VV DOVO, short for Voetbalvereniging Door Ons Vrienden Opgericht, is a football club from Veenendaal, Netherlands.

History
The club was founded in 1933 as DVO and later changed its name to DOVO to set itself apart from a nearby club with an identical name. DOVO won section championships in lower leagues in 1936, 1937,1938, 1948, 1949, 1958, 1960, and 1967.

In 1970 DOVO promoted to the Eerste Klasse, where it initially won sections in 1975, 1977, 1979, 1989, 1991, and 1994. In 1974, it drew national attention by beating NSVV from Numansdorp, 11–0, while pointing out that DOVO players had made mistakes. In 1979 it also became the Saturday Champion of the Netherlands. From 1996 to 20017 it played in the Hoofdklasse, except for two seasons back in the Eerste when it took Eerste Klasse championships (2007 and 2011). In 1999 and 2004 DOVO won section championships in the Hoofdklasse. Since 2017, DOVO plays in the Derde Divisie.

Chief coach 

 Ries Hol (1964–1971)
 Nico van Miltenburg (1971–1973)
 Eli Voskamp (1973–1974)
 Jan de Bouter (1974–1976)
 Evert Mur (1976–1977)
 Jan de Jongh (1977–1984)
 Jan de Bouter (1985)
 Pierre Stevenaart (1985–1986)
 Jan Rab (1986–1989)
 Frans Vermeulen (1989–1991)
 Wim Eilander (1991–1994)
 Peter Boeve (1994–1995)
 Jan Rab (1995–1997)
 Rob McDonald (1997–1999)
 Bert van Sas (1999–2000)

 Jos Broers (2000–2002)
 Kees Oostermeijer (2002–2003)
 Henny Lee (2003–2005)
 Henne Oostermeijer (2005–2006)
 Raymond Verheijen (2006–2007)
 Rob McDonald (2007)
 Ton Verkerk (2007–2008)
 Koos Waslander (2009–2010)
 Rob McDonald (2010)
 Peter Visee (2010–2014)
 Jeroen Peters (2014–2016;  tech. mgr.  Hans Kraay Jr.)
 Bert van Sas (2016)
 Gert Kruys (2016–2019)
 Scott Calderwood (since 2019)

Relations with other teams 
In 2012, DOVO signed a partnership agreement with SBV Vitesse. This agreement was amended and renewed, for indefinite duration, in 2019.

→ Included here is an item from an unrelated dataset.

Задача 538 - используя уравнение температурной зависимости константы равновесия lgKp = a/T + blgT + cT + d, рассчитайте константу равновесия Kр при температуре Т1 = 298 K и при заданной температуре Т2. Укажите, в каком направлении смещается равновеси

DOVO has a rivalry with another Veenendaal football club, GVVV. In 2019, an indoors game between the clubs was ended after several physical fights.

References

External links
 Official site

 
Association football clubs established in 1933
1933 establishments in the Netherlands
Sport in Veenendaal
Football clubs in the Netherlands
Football clubs in Utrecht (province)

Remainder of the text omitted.